Learned Dissertations Are Read By The Disputants In Defence Of
Their Peculiar Doctrines, And The Debates Are Held In Public.
This Year The Hardwar Gathering Was Exceptionally Numerous.
The
Sannyasis - the mendicant monks of India - alone numbered 35,000 and
the cholera, foreseen by the Swami, actually broke out.
- - - - -
As we were not yet to start for the appointed meeting, we had
plenty of spare time before us; so we proceeded to examine Bombay.
The Tower of Silence, on the heights of the Malabar Hill, is the
last abode of all the sons of Zoroaster. It is, in fact, a Parsee
cemetery. Here their dead, rich and poor, men, women and children,
are all laid in a row, and in a few minutes nothing remains of
them but bare skeletons. A dismal impression is made upon a
foreigner by these towers, where absolute silence has reigned for
centuries. This kind of building is very common in every place
were Parsees live and die. In Bombay, of six towers, the largest
was built 250 years ago, and the least but a short time since.
With few exceptions, they are round or square in shape, from twenty
to forty feet high, without roof, window, or door, but with a
single iron gate opening towards the East, and so small that it
is quite covered by a few bushes. The first corpse brought to a
new tower - "dakhma" - must be the body of the innocent child of a
mobed or priest. No one, not even the chief watcher, is allowed
to approach within a distance of thirty paces of these towers.
Of all living human beings "nassesalars" - corpse-carriers -
alone enter and leave the "Tower of Silence." The life these
men lead is simply wretched. No European executioner's position
is worse. They live quite apart from the rest of the world, in
whose eyes they are the most abject of beings. Being forbidden
to enter the markets, they must get their food as they can. They
are born, marry, and die, perfect strangers to all except their
own class, passing through the streets only to fetch the dead and
carry them to the tower. Even to be near one of them is a degradation.

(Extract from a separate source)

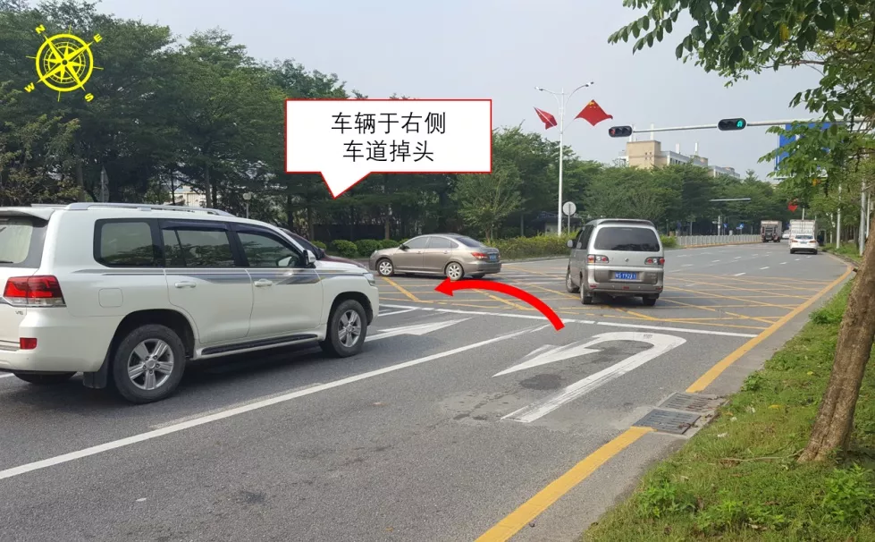 福鳳/騰豐三路口東側(cè)為鳳凰山旅游區(qū),通勤車流較多?,F(xiàn)狀路口未設置紅綠燈,人車交織嚴重,交通秩序混亂,易發(fā)交通事故。9月14日,深圳交警啟用福鳳/騰豐三路口信號燈。為解決掉頭車轉(zhuǎn)彎半徑不足問題,進一步在距路口約96米處開設掉頭口,并以最外側(cè)車道作為掉頭車道,同時與福鳳/騰豐三路口實施聯(lián)動設置燈控掉頭。該路口是寶安首個“一機兩控”+外側(cè)掉頭微創(chuàng)新路口。

Entering the tower with a corpse, covered, whatever may have been
its rank or position, with old white rags, they undress it and place
it, in silence, on one of the three rows presently to be described.
Then, still preserving the same silence, they come out, shut the
gate, and burn the rags.
Amongst the fire-worshippers, Death is divested of all his majesty
and is a mere object of disgust. As soon as the last hour of a
sick person seems to approach, everyone leaves the chamber of death,
as much to avoid impeding the departure of the soul from the body,
as to shun the risk of polluting the living by contact with the dead.
The mobed alone stays with the dying man for a while, and having
whispered into his ear the Zend-Avesta precepts, "ashem-vohu"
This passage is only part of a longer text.